──────── EXTRACTED INFORMATION

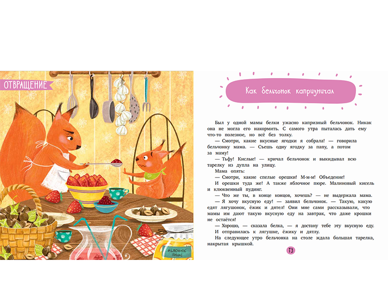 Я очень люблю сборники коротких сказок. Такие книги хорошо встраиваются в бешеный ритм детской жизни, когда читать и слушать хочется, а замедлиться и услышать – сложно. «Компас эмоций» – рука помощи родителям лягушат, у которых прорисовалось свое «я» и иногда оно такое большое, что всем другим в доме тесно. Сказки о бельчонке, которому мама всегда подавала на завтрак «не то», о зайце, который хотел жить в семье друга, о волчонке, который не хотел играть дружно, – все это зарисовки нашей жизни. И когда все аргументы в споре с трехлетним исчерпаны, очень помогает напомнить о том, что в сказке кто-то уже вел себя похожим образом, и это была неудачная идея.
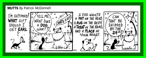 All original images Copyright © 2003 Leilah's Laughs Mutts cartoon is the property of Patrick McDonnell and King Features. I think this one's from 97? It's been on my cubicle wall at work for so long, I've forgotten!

────────────────
──────── EXTRACTED INFORMATION

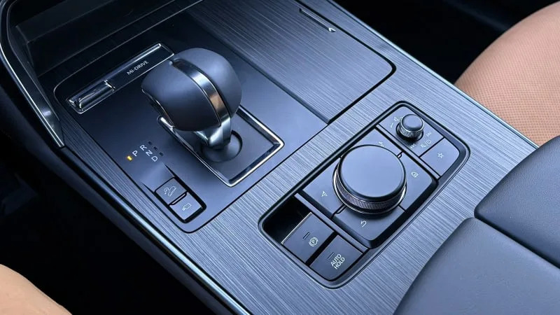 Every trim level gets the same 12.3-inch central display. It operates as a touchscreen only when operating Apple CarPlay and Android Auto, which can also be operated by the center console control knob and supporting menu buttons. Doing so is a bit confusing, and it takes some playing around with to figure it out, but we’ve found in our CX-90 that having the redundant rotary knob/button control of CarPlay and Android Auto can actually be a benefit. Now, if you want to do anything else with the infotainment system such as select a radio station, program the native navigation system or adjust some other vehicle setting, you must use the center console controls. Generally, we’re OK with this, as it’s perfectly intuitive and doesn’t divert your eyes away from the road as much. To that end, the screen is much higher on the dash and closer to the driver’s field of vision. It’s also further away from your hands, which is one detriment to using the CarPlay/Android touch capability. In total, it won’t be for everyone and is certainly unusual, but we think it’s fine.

────────────────
──────── EXTRACTED INFORMATION

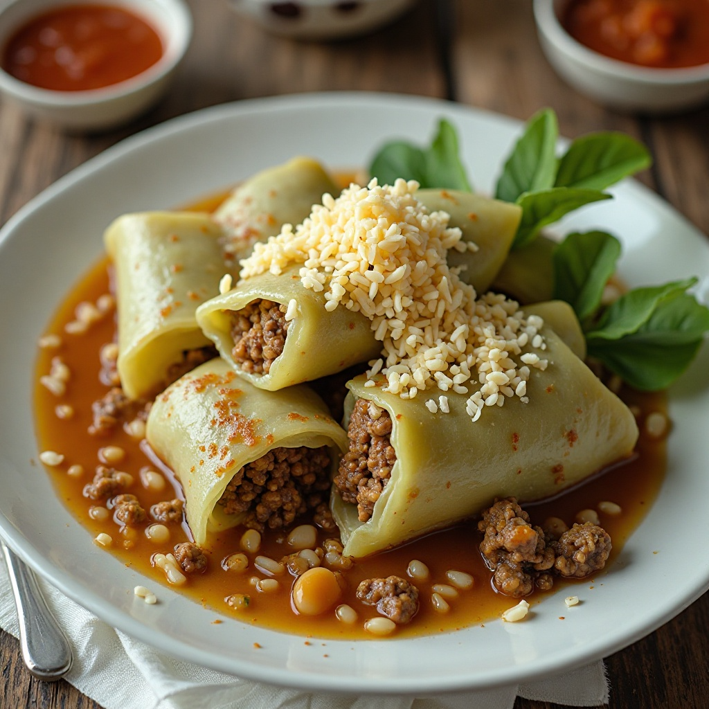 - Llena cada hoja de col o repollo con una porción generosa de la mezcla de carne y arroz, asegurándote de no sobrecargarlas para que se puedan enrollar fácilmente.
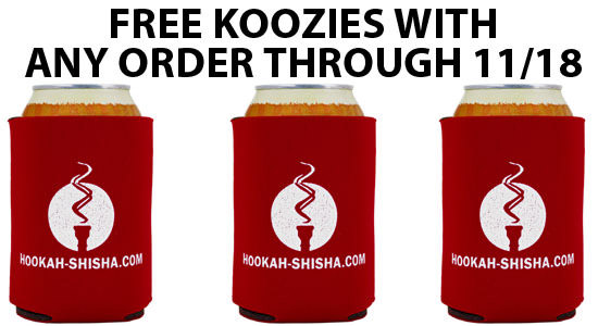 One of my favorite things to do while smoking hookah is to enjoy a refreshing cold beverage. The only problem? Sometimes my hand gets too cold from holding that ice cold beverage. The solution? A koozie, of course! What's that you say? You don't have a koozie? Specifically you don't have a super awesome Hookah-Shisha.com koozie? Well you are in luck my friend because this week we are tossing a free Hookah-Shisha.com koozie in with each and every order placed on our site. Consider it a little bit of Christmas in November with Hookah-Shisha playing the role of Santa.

────────────────

● **TASK DETAILS**
Nothing but the lines from the one with "- Llena cada" to the one with "One of my favorite" above, both included, should be transcribed, exactly and without pictures.

● **SOLUTION FOR THIS PROBLEM**
 - Llena cada hoja de col o repollo con una porción generosa de la mezcla de carne y arroz, asegurándote de no sobrecargarlas para que se puedan enrollar fácilmente.
 One of my favorite things to do while smoking hookah is to enjoy a refreshing cold beverage. The only problem? Sometimes my hand gets too cold from holding that ice cold beverage. The solution? A koozie, of course! What's that you say? You don't have a koozie? Specifically you don't have a super awesome Hookah-Shisha.com koozie? Well you are in luck my friend because this week we are tossing a free Hookah-Shisha.com koozie in with each and every order placed on our site. Consider it a little bit of Christmas in November with Hookah-Shisha playing the role of Santa.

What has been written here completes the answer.